Pendant que les taxes des contribuables augmentent à Montréal, on apprend que c’est plus de 2,4 M$ qui ont été versé en indemnité de départ aux conseillers municipaux défaits ou qui ont quitté volontairement la vie politique suite aux élections du 1er novembre dernier.
Selon une compilation obtenue par La Presse, trois anciens piliers de l’administration Tremblay ont reçu des montants faramineux. Le cas d’André Lavallée est particulièrement troublant. Ayant été défait à la mairie de Rosemont-La-Petite-Patrie le 1er novembre dernier, il a reçu 108 186$. en indemnité. Une semaine plus tard, il était nommé directeur du cabinet du maire Tremblay dans l’arrondissement de Ville-Marie. Comment quelqu’un qui change de bureau, du centre-ville à Ville-Marie peut-il touché une telle prime dite "de départ" et "de transition"?
Autre élu, Cosmo Maciocia, président de l’arrondissement de Rivière-des-Prairies-Pointe-aux-Trembles entre 2002 et 2009 et responsable de l’habitation au comité exécutif a reçu une allocation de départ de 34 049$ en plus d’une autre de transition de 80 955$. Un troisième, Marcel Tremblay, le frère du maire, qui était responsable du déneigement au comité exécutif en 2008 a reçu des allocations de départ et de transition de 102 930$.

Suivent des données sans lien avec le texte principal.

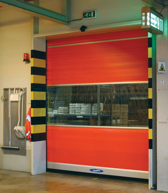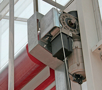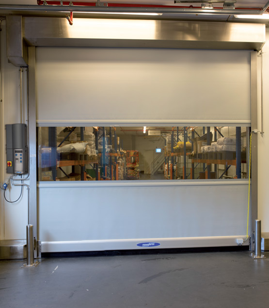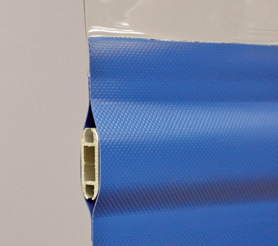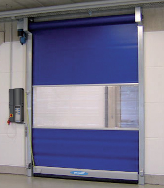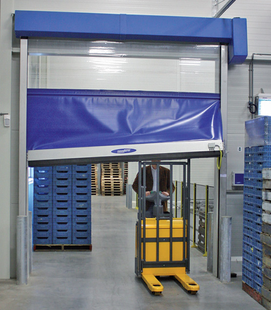 El NovoZip tiene una lona de 900 g/m2, clase M2, hecha de un material sintético reforzado con poliéster, con un perfil sellado de goma flexible en la parte inferior. Las columnas de acero con un cierre de cremallera aseguran la guía de la cortina de la puerta. Estas forman una unidad tensa con los soportes superiores para la fijación del rodillo y el forro protector..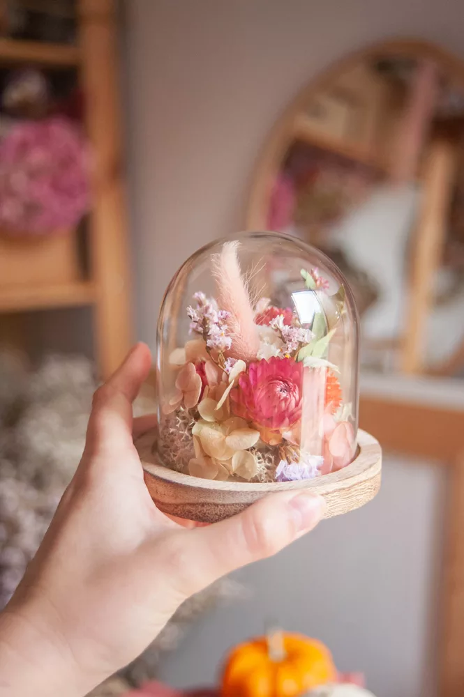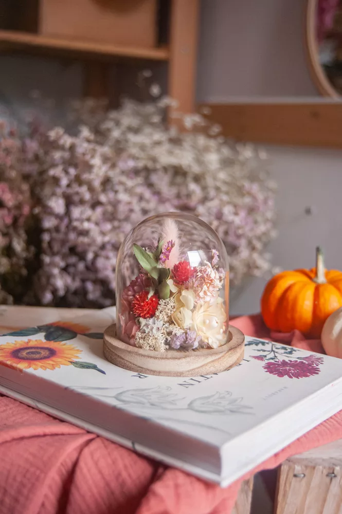 Les fleurs séchées ou stabilisées ne périssent pas et durent plusieurs années. Cependant il est possible que leurs couleurs évoluent avec les années. Pour cela, je vous préconise d’éviter les endroits exposés en plein soleil et les endroits humides. Cette cloche fleurie est réalisée sans mousse florale (mousse à piquer verte) #Nofloralfoam, elle est donc plus écoresponsable ! Toutes mes créations sont réalisées dans mon atelier avec beaucoup de minutie et d’amour. Elles sont entièrement artisanales, c’est pour cela que chaque pièce est unique.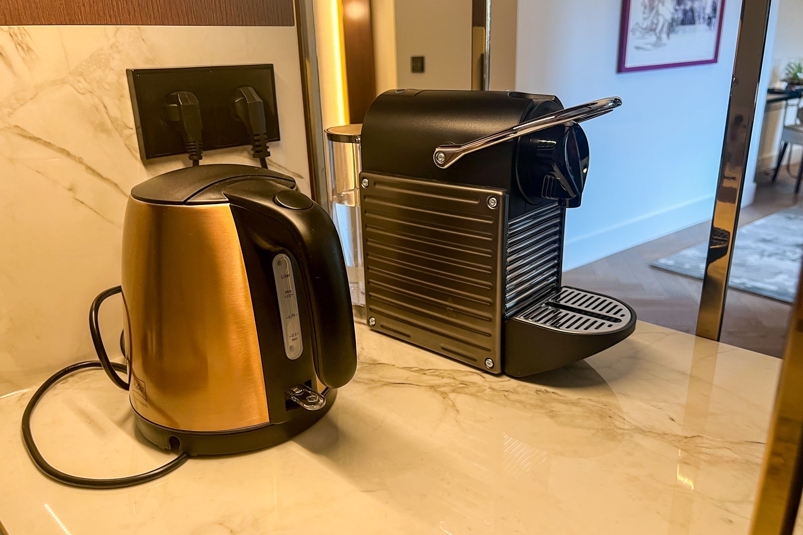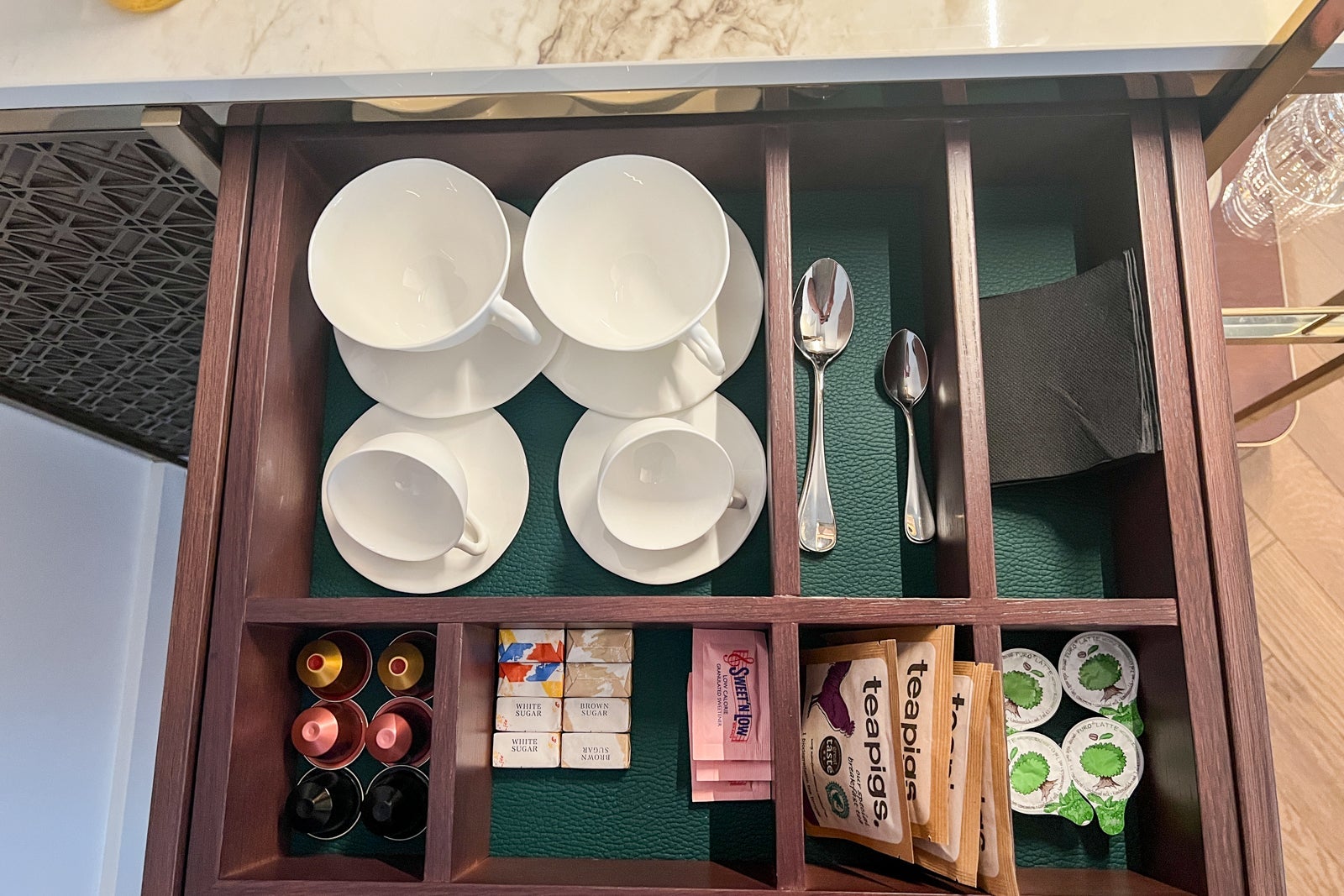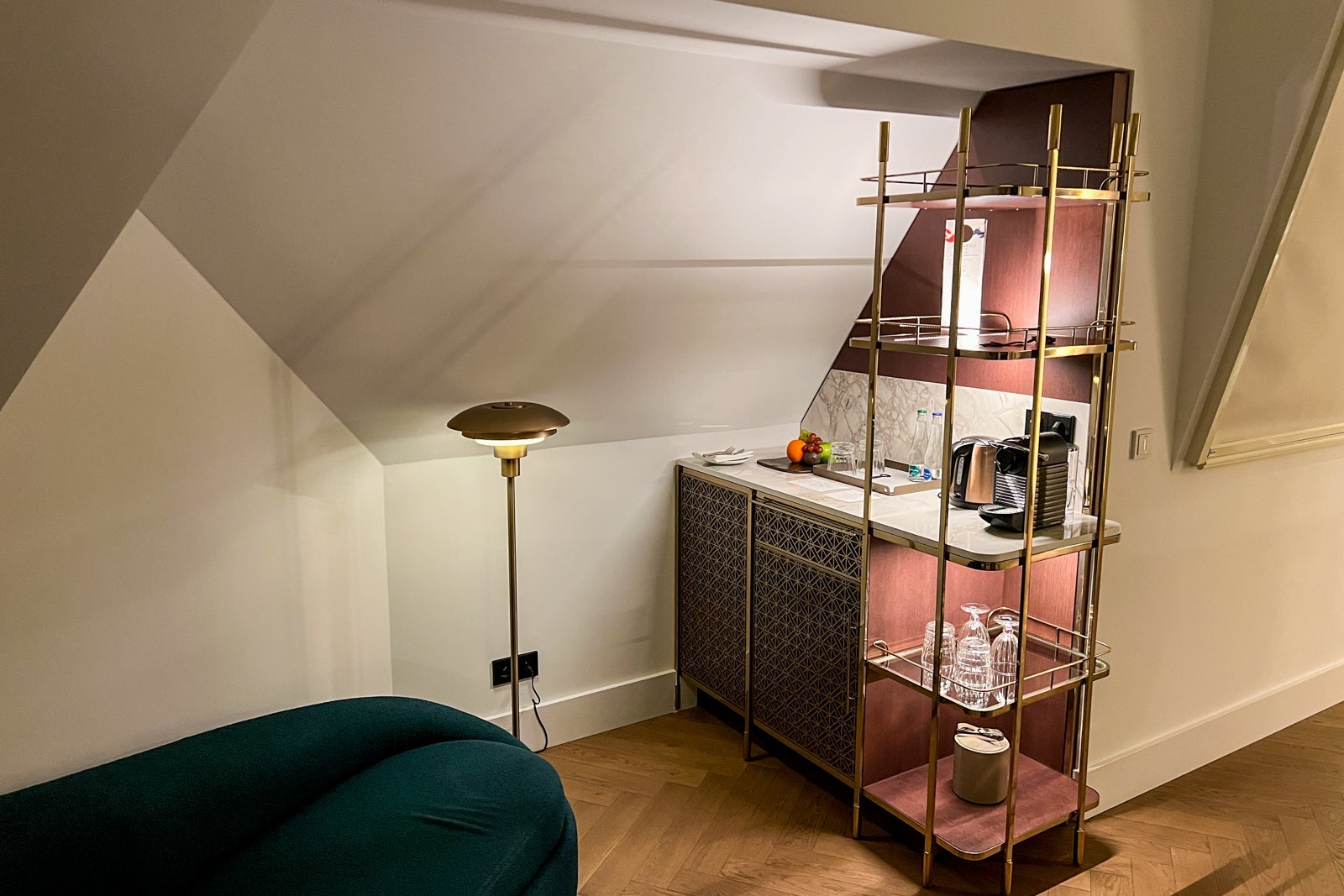 Walking into the main part of the room, you'll see a seating area with a large, curved couch, a chair, a glass-topped coffee table with a decorative tic-tac-toe set and a console with a Nespresso machine and the minibar. I thought all of the furniture was well-proportioned for the room, and appreciated the dark tones and matte brass finishes.

Même Benoît Labonté est sur la liste. Ayant été forcé de quitter suite à des allégations de corruption, l'ex chef de Vision Montréal, a touché une indemnité de départ de 14 195$ ajouté à une allocation de transition de 43 390$, pour un total de 57 585$.

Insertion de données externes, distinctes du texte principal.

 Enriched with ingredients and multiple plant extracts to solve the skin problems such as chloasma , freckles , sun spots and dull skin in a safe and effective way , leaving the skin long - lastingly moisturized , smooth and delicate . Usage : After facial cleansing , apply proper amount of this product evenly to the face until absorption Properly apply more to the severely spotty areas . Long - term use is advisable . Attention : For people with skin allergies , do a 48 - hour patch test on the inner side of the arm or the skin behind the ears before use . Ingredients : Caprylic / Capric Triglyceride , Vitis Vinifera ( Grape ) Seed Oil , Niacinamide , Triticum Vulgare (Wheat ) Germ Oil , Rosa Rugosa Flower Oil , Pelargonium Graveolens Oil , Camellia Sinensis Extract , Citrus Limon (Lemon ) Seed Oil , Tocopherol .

Ces allocations imposables sont calculées d'après une formule basée sur le salaire des ex-conseillers et sur la durée de leur mandat. Les indemnités sont versées aux conseillers qui n'ont plus de siège élu, mais rien n'empêche par contre les ex-politiciens d'être nommés à des fonctions administratives dans l'appareil municipal après avoir reçu leur allocation. Il serait bien temps de revoir la loi!